▶ [Data extract]:
********

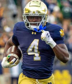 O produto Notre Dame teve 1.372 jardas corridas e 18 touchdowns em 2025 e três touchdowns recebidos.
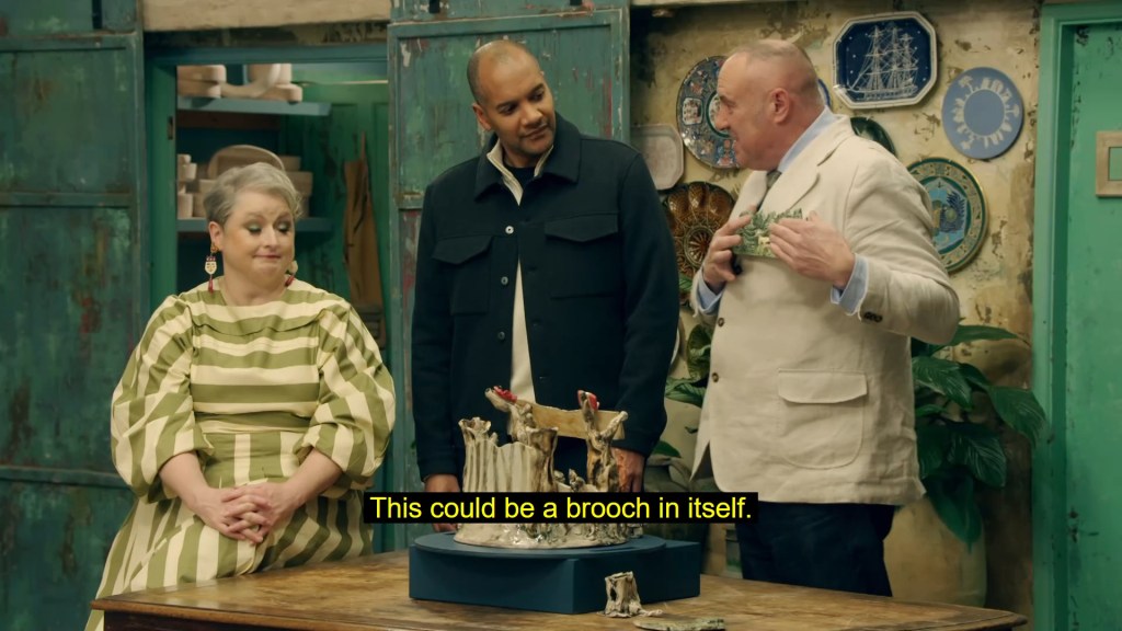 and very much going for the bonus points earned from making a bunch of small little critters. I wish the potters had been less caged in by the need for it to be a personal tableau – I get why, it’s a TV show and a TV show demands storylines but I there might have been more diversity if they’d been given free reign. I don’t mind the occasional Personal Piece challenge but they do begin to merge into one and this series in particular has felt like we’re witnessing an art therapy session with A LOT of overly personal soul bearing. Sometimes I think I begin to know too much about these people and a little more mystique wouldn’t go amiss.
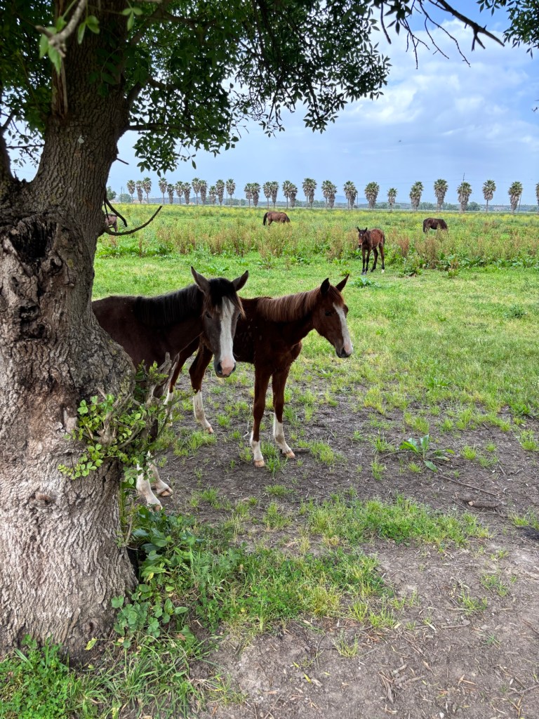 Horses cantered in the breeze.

********

▶ [Task to carry out]: Word for word, return the material, omitting the pictures.

▶ [Task solution]:
 O produto Notre Dame teve 1.372 jardas corridas e 18 touchdowns em 2025 e três touchdowns recebidos.
 and very much going for the bonus points earned from making a bunch of small little critters. I wish the potters had been less caged in by the need for it to be a personal tableau – I get why, it’s a TV show and a TV show demands storylines but I there might have been more diversity if they’d been given free reign. I don’t mind the occasional Personal Piece challenge but they do begin to merge into one and this series in particular has felt like we’re witnessing an art therapy session with A LOT of overly personal soul bearing. Sometimes I think I begin to know too much about these people and a little more mystique wouldn’t go amiss.
 Horses cantered in the breeze.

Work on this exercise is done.